Our first idea was simply to teach the community linguists how to enter data into the Shoebox database. We were already in the process of teaching the community linguists how to use PC laptops and word-processing software, so we thought that extending their training to include Shoebox would be a relatively straightforward matter. Unfortunately, this did not turn out to be the case. Shoebox can be difficult to use even for individuals with considerable computer-related experience, and for the community linguists, who were learning to use computers for the first time in their lives, the application proved far to finicky and difficult to use.

One of our team members had significant programming experience, however, and suggested that he write a front end for Shoebox that would considerably simplify the community linguists’ interactions with the database. The idea was a good one, but I had two misgivings. First, I was concerned that regardless of how foolproof the front end seemed, over the course of the nine months we were away from the community, and the community linguists were working on the dictionary independently, *something* unforeseen would happen with the front end, and bring work to a halt. Second, I was concerned that the team member who promised to maintain the front end would not stay with the project for its entire duration, and we would be left with a piece of home-grown software that we didn’t know how to modify or fix, should the need arise. We debated the issue at length, but the team leaned towards the front end idea, so we decided to try it.

At first, everything went well. The front end worked very well, and the community linguists found it easy and comfortable to use. The visiting linguists (including me) left at the end of the summer, and it was then that the problems arose. After about four months, something happened that disrupted the connection between the front end and the Shoebox database, and that was that until the team of visiting linguists returned five months later. The community linguists were smart and started entering their data into an Excel spreadsheet, so their work didn’t grind to a halt, but we had to spend a lot of time transferring the data into Shoebox. So, all in all, the front end experiment was not a great success. And, to top it off, the team member who wrote the front end didn’t return — he decided to quit linguistics and go into real estate.
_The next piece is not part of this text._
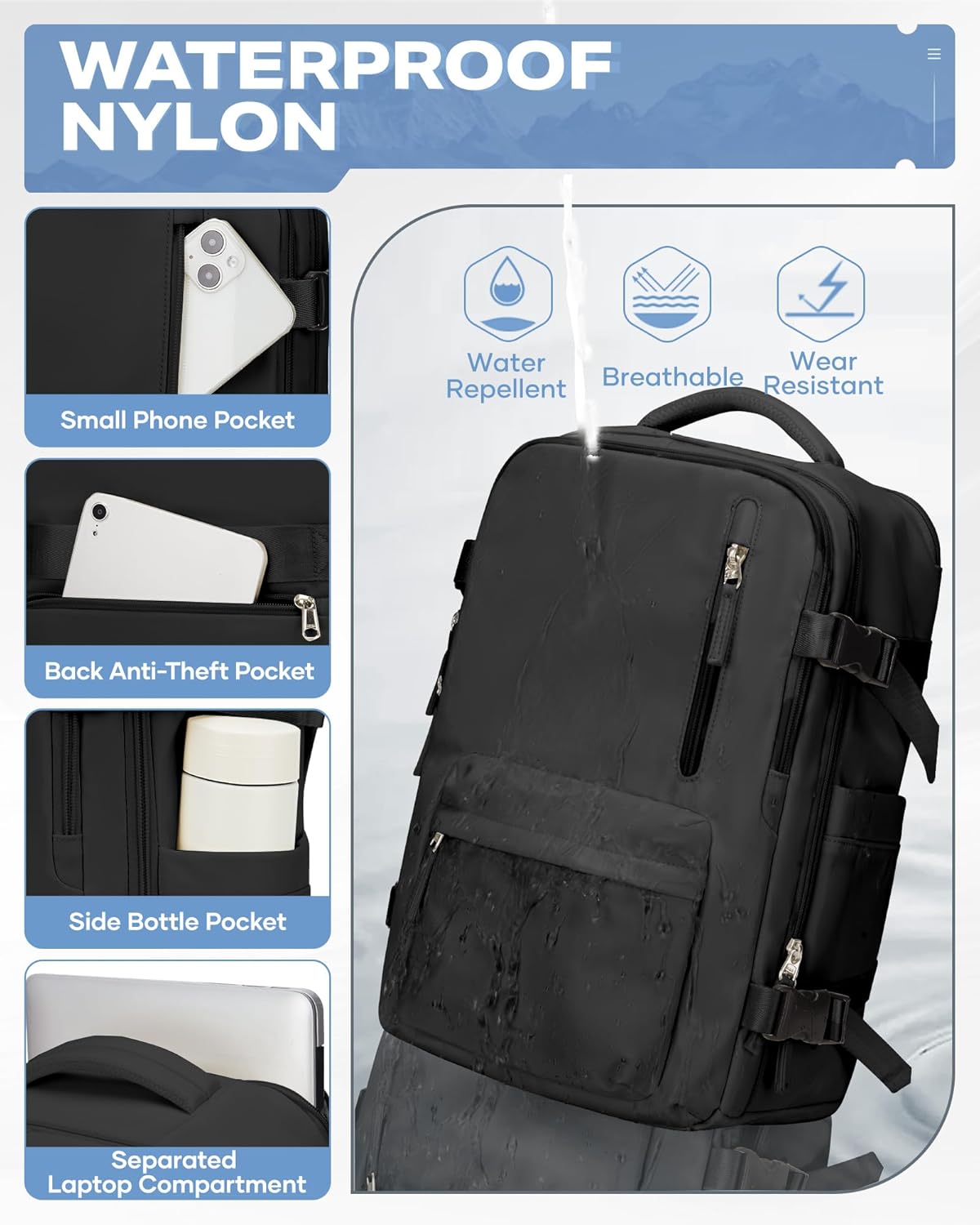【Light-weight & Sturdy Materials】Crafted from premium nylon with bolstered stitching, our compression backpack resists tears, abrasions, and surprising snags throughout journey. The hermetic seals lock out moisture, mud, and odors—protecting contents recent and dry even in humid climates. Regardless of its rugged sturdiness, the bag weighs beneath 2.1lb (0.96kg). The water resistant coating provides an additional layer of safety towards spills and rain, excellent for journey journey and day by day commutes.

From then on, the community linguists collected their data in notebooks, and every June, when the visiting linguists arrived, we spent many hours entering the data into Shoebox. Hardly a very efficient process, but the best we could manage at the time.

It should be obvious, then, why I was very excited to read about WeSay. Before I provide a brief description, let be add that apart from the LD&C article, information can also be obtained at the WeSay website (www.wesay.org), which includes a page of screenshots and Flash movies that illustrate how the program works (here).

Basically the idea behind WeSay is a much better implemented and more comprehensive version of the front end we came up with in the field. The user interface consists of relatively simple forms into which one enters data, and the entire paraphernalia of directories, data field codes, and the like are hidden from view. The program also provides guidance, in terms of semantic fields, to prompt the collection of lexical data, further facilitating the independent work of community members. Significantly, WeSay also provides localization tools, so that the interface can be translated into the locally appropriate language. Despite the simplicity of the interface, however, WeSay can also export in data formats used by more powerful lexicographical software. And note that WeSay is free, open source software, and can be downloaded from the WeSay site.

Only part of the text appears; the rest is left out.